Bids

At the Games, not all costs should be allowed…

— Published February 18, 2013

Will the St. Moritz resort enter the battle for the 2022 Winter Games? As is often the case in Switzerland, the question will be asked to residents. The population of the canton of Graubünden will be asked to decide, by referendum, on March 3, on the advisability of a new candidacy. According to the latest polls, the no vote has a short lead (45%) over the yes vote (42%), but there are still many undecided voters (13%). The Swiss have not abandoned their Olympic ideal. After five successive failures, they still dream of the Winter Games. But they wonder about the wisdom of spending a fortune on a campaign with a necessarily random outcome.

Sign of the times: Austria is asking itself more or less the same question. The hypothesis of a candidacy from Vienna for the 2028 Summer Games has been cited with insistence for several months. But, according toAustrian Times, its cost would exceed 100 million euros. A sum that the country already considers excessive, to the point of questioning the advisability of entering the race.

Are applications now costing too much? In December 2011, the Tokyo 2020 team had to reassure public opinion by vowing to cut the budget of its previous campaign in half. For the 2016 Games, the Japanese had in fact spent 150 million dollars. A month earlier, the Spaniards of Madrid 2020 had made roughly the same speech, explaining their intention to reduce their campaign budget by 30 to 40%, to keep it within a range of 30 to 35 million euros.

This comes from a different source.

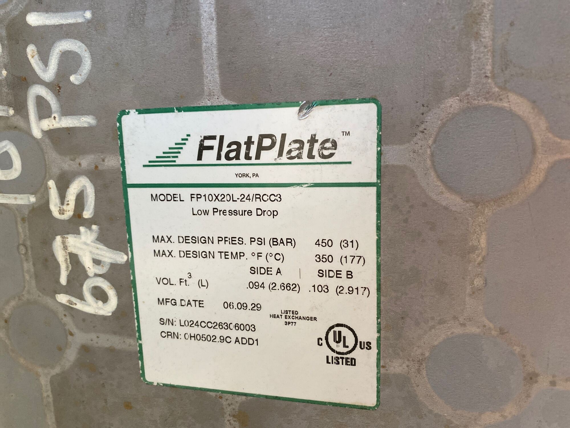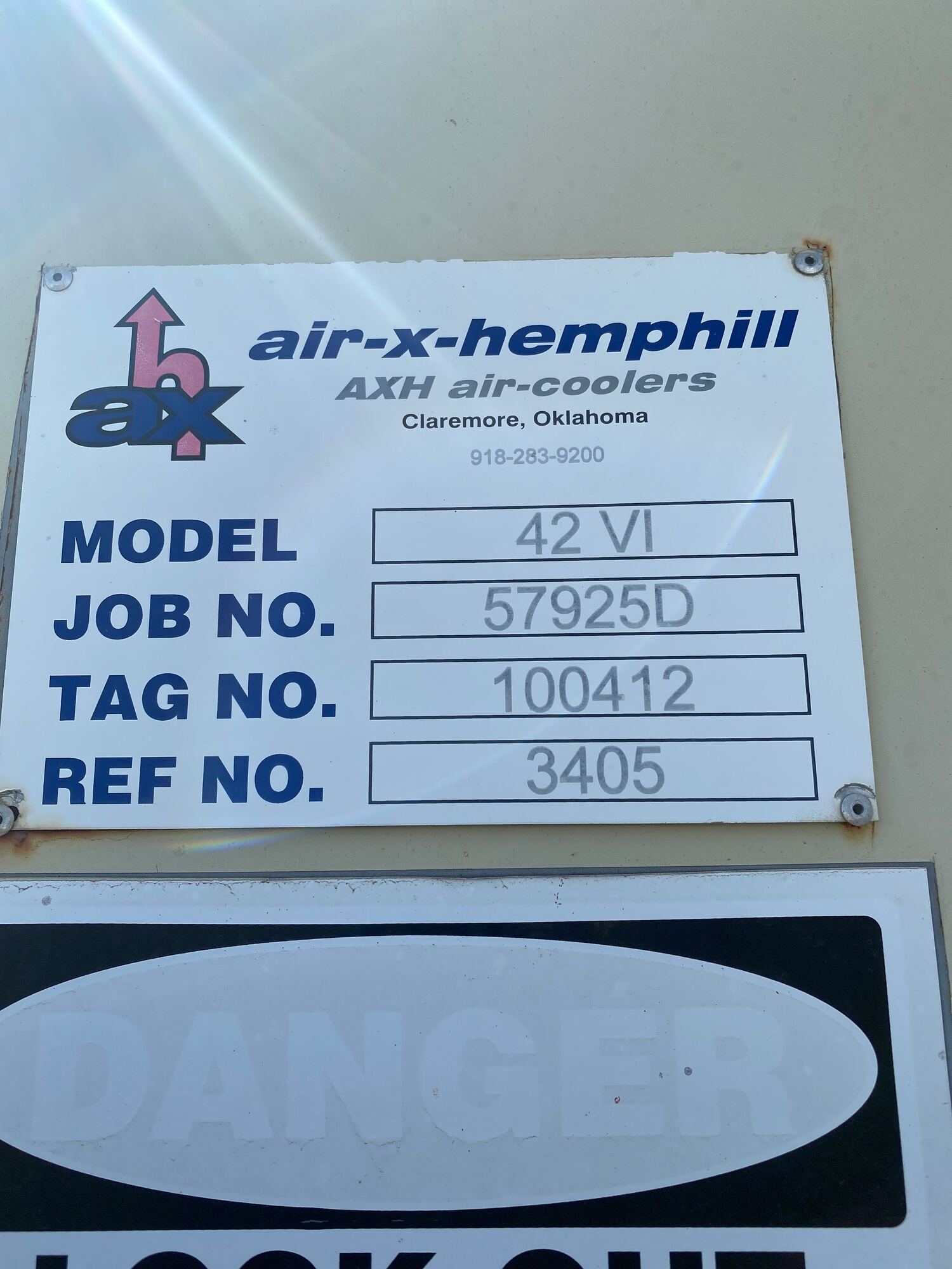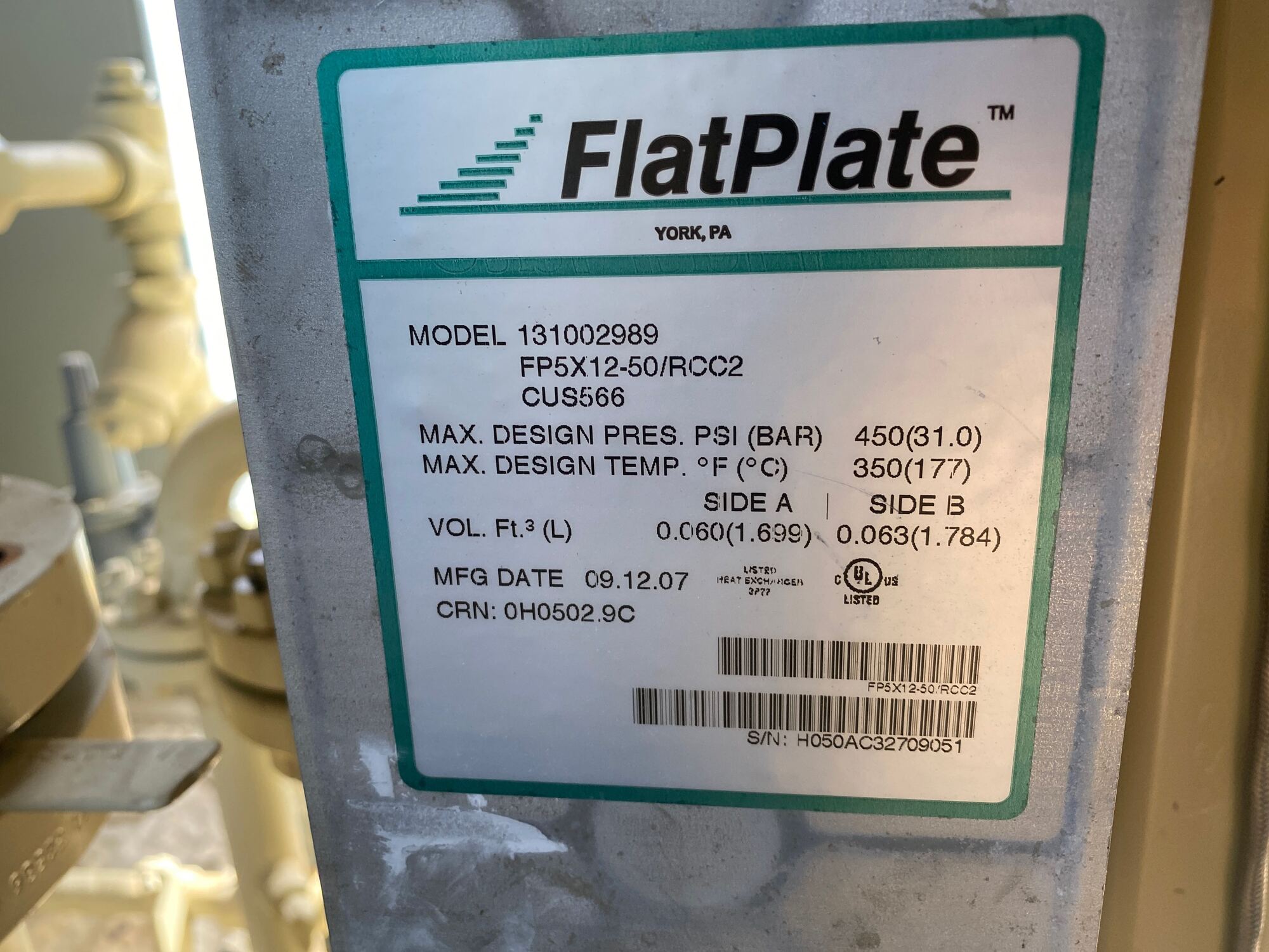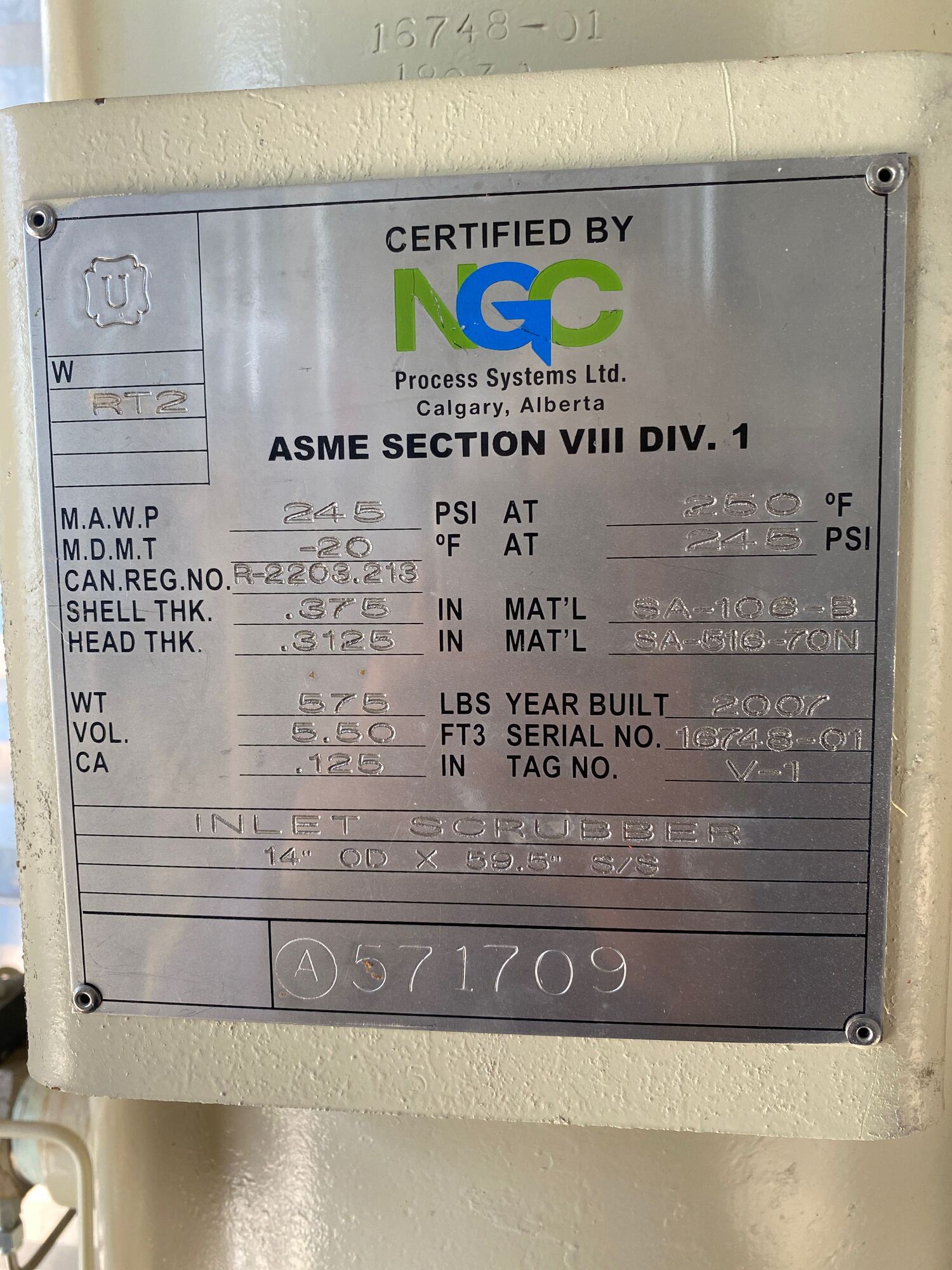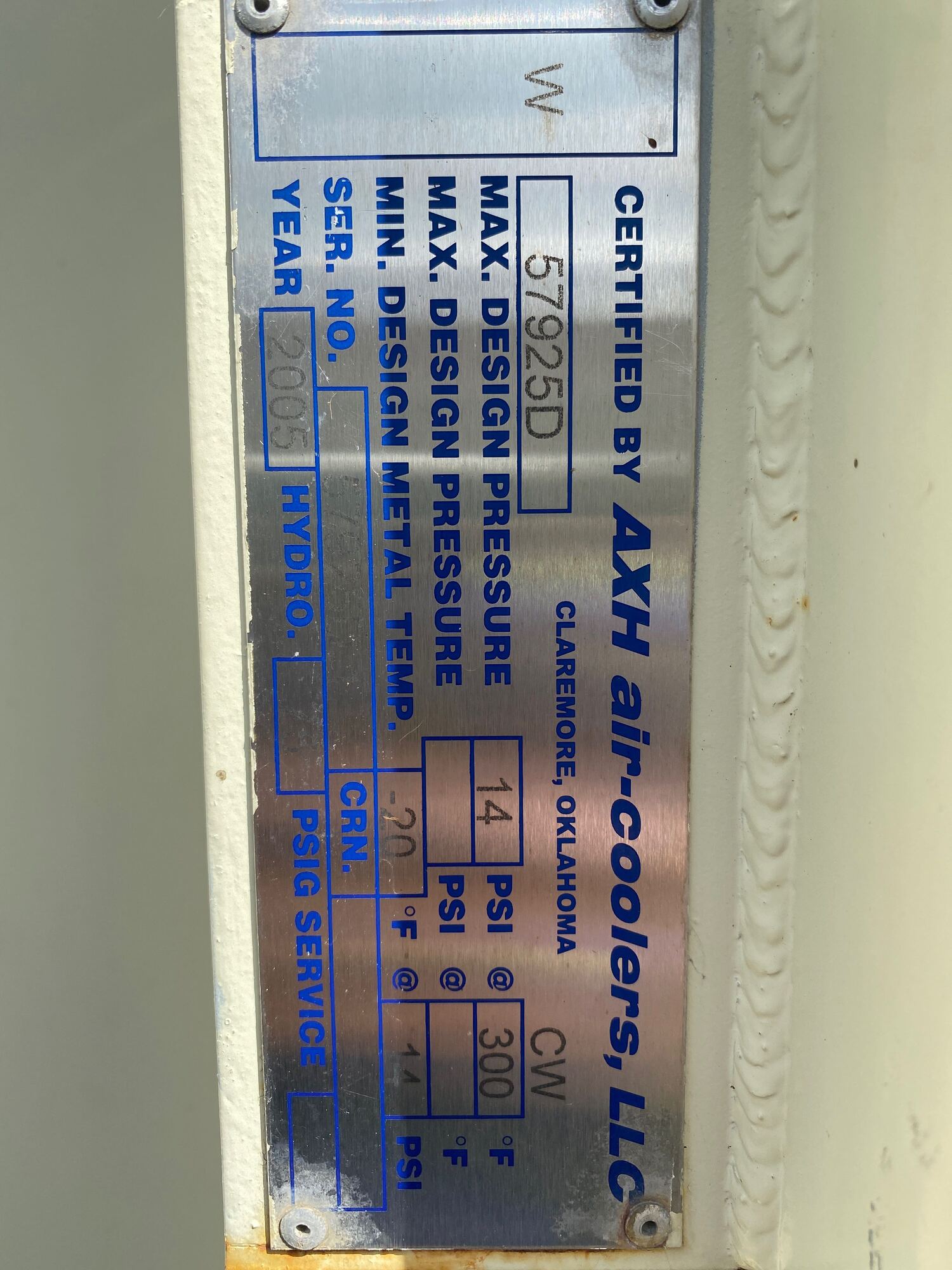 Cooler MAWP Tag*

At a time when French sport is discussing with extreme caution the possibility of launching Paris into the seemingly furious battle for the 2024 Summer Games, several voices are already being heard to discuss the cost of such a challenge. The last French attempt, Annecy 2018, broke a record: 20 to 25 million euros in spending, for only 7 votes on the day of the IOC members' vote. The calculation is puzzling: around 3 million euros per vote. According to one estimate, the failure of France's various bids for the Games, winter and summer, would have cost more than 120 million euros in 20 years.

The price of an Olympic bid currently varies between 80 and 150 million euros for the Summer Games, 50 to 100 million for the Winter Games. Without being able to break the bank, a city leaves almost beaten in advance, even having put together the best possible file.

Should we therefore give up? Surely not. London 2012 demonstrated it once again: organizing the Games, and making them a success, remains a formidable lever for development and a unique image vector of its kind for a city and a country. But the risk is great, in these times of crisis, of seeing certain nations pack up their projects in the face of the amount of the bill. And it would be perilous for the future of the Games to reduce the race to a matter of big money.

The solution perhaps involves the establishment, by the IOC, of ​​a form of “salary cap”, a capped budget which would avoid excesses and level the playing field. By imposing a sort of “financial fair play” on candidate cities, the Olympic institution would have the merit of refocusing the race for the Games on the essential: the quality of the applications. It would also have everything to gain from seeing so-called “middle” countries, economically speaking, embark on the adventure of a candidacy. Olympic universality would be stronger than ever.